O caso também levanta questões mais amplas sobre como governos e agências de inteligência lidam com a proliferação de mercados de previsão. Esses mercados, que permitem apostas sobre praticamente qualquer evento futuro, criam oportunidades sem precedentes para que pessoas com acesso a informações privilegiadas lucrem. Van Dyke não foi o primeiro a tentar isso, mas pode ser um dos primeiros a ser processado federalmente por isso. Sua prisão sinalizará para outros militares e funcionários do governo que as consequências são reais e severas.
Citações Notáveis
O acesso generalizado a mercados de previsão é um fenômeno relativamente novo, mas as leis federais que protegem informações de segurança nacional se aplicam plenamente— Procurador-geral interino Todd Blanche
O uso de informações privilegiadas não tem lugar na Polymarket. A prisão de hoje é a prova de que o sistema funciona— Polymarket, em comunicado oficial
A Conversa do Hearth Outra perspectiva sobre a história
Por que um sargento teria acesso a informações sobre uma operação militar dessa magnitude?

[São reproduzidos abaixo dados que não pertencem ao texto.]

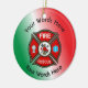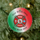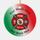 Este Enfeites de natal personalizado é decorado de um lado com a blindagem de resgate de incêndio. O verso é decorado com uma imagem de Papai Noel carregando seu saco de doces, e pode ser personalizado com nomes, datas etc.

Van Dyke estava envolvido no planejamento e execução da Operação Absolute Resolve. Não era um observador distante — ele estava dentro da máquina.
E ele simplesmente decidiu apostar com essas informações?
Parece que sim. Criou uma conta na Polymarket dias antes da operação e começou a fazer apostas. A sequência sugere cálculo, não impulso.
Como ninguém percebeu antes?
A Polymarket é descentralizada. Não há um porteiro tradicional verificando quem está apostando. Van Dyke tentou ocultar sua identidade, transferindo dinheiro para criptomoedas e contas recém-criadas. Mas a plataforma eventualmente identificou o padrão suspeito.
Qual é a diferença entre isso e insider trading tradicional?
Tecnicamente, é a mesma coisa — usar informações não públicas para ganho financeiro. Mas a lei de insider trading foi escrita para mercados de ações. Ninguém havia realmente pensado em como ela se aplicaria a mercados de previsão descentralizados até agora.
Então isso pode estabelecer um precedente?
Exatamente. O procurador-geral deixou claro que as leis federais de segurança nacional se aplicam plenamente. Van Dyke pode ser o primeiro, mas provavelmente não será o último a enfrentar essa acusação.
Qual é a mensagem que o governo está tentando enviar?
Que não importa quão nova ou descentralizada seja a tecnologia — se você tem acesso a informações classificadas, não pode usá-las para lucrar. As proteções de segurança nacional não desaparecem só porque a plataforma é diferente.